◆ **WHAT TO PRODUCE**:
In the listing below, find the line with "王寧生理事長為藥學史專業(yè)委員會主任委員梅全喜教授頒發(fā)聘書" and the line with "x H 160 cm.", then return them and every line between them exactly, minus the pictures.

====== TASK DATA ======

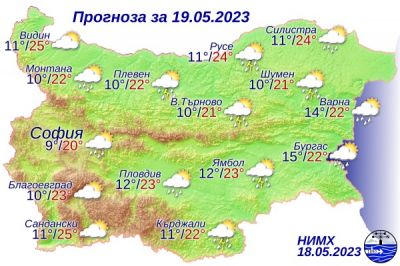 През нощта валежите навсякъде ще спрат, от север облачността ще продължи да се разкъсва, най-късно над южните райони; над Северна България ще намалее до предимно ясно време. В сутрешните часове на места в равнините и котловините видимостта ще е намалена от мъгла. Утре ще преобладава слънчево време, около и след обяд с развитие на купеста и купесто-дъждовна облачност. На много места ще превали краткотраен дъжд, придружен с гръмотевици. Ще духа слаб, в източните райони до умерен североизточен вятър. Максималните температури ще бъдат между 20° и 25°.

======
====== TASK DATA ======

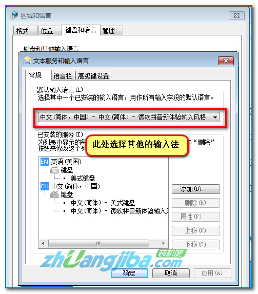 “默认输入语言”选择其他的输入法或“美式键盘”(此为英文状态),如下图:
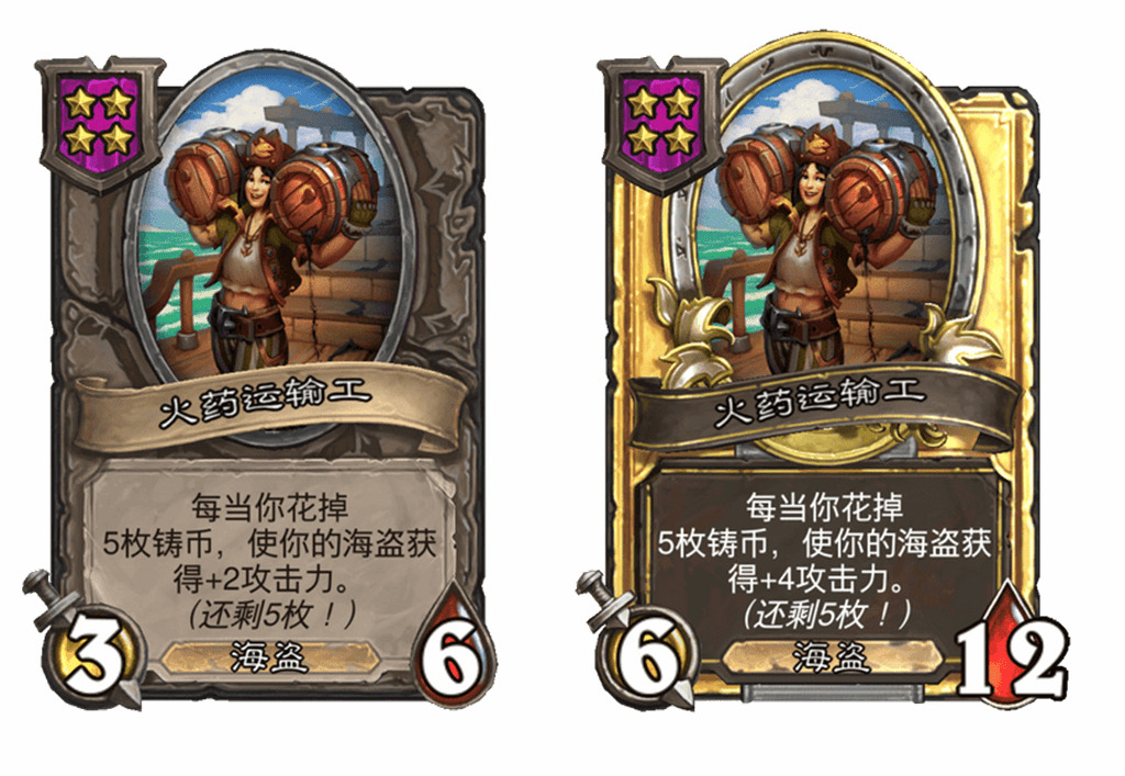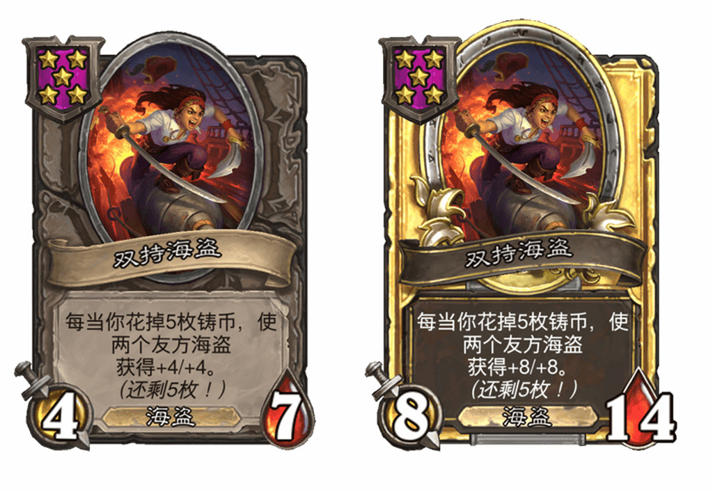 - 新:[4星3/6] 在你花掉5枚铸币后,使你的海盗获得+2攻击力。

======
====== TASK DATA ======

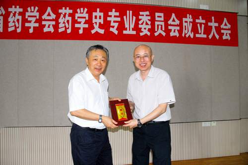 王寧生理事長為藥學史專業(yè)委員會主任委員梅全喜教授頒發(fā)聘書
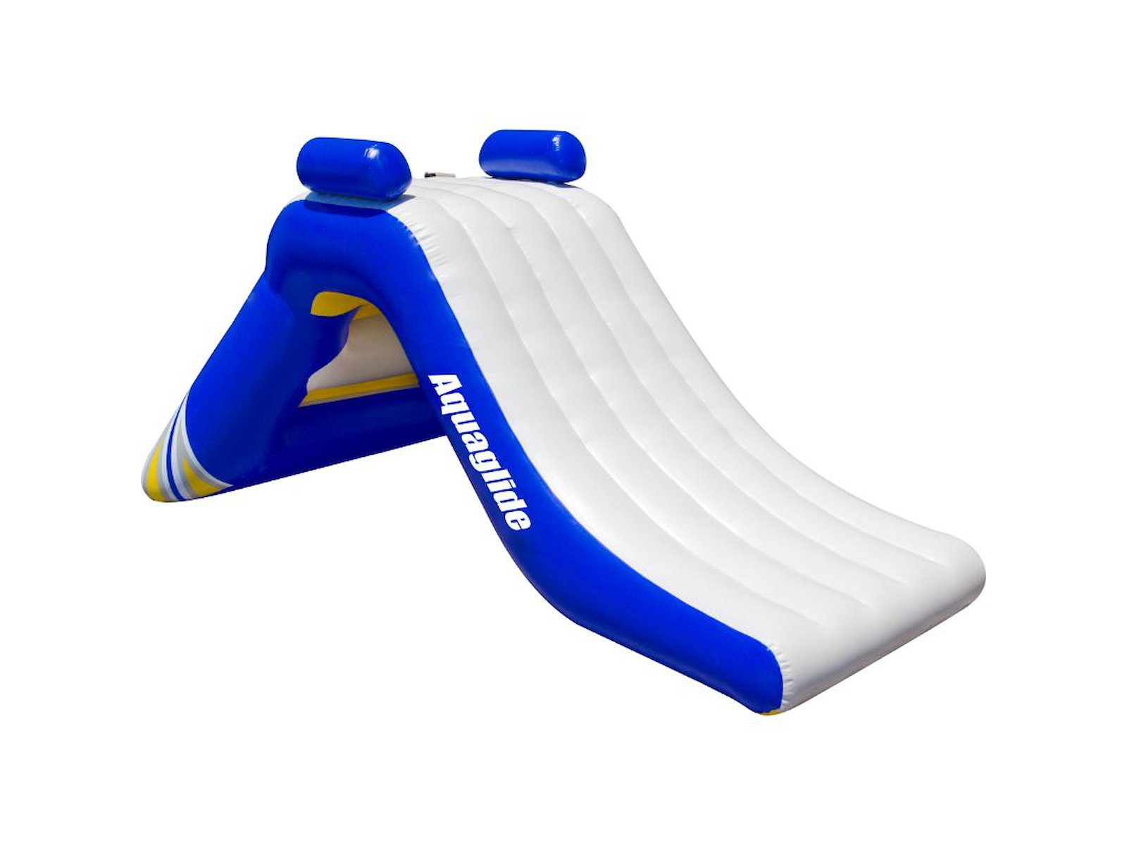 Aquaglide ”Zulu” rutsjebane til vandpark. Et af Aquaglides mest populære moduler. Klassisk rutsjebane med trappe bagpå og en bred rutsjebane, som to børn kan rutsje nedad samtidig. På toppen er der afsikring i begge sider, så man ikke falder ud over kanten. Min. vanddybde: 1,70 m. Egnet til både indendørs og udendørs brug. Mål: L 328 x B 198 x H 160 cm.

======

◆ **ANSWER BOX**:
 王寧生理事長為藥學史專業(yè)委員會主任委員梅全喜教授頒發(fā)聘書
 Aquaglide ”Zulu” rutsjebane til vandpark. Et af Aquaglides mest populære moduler. Klassisk rutsjebane med trappe bagpå og en bred rutsjebane, som to børn kan rutsje nedad samtidig. På toppen er der afsikring i begge sider, så man ikke falder ud over kanten. Min. vanddybde: 1,70 m. Egnet til både indendørs og udendørs brug. Mål: L 328 x B 198 x H 160 cm.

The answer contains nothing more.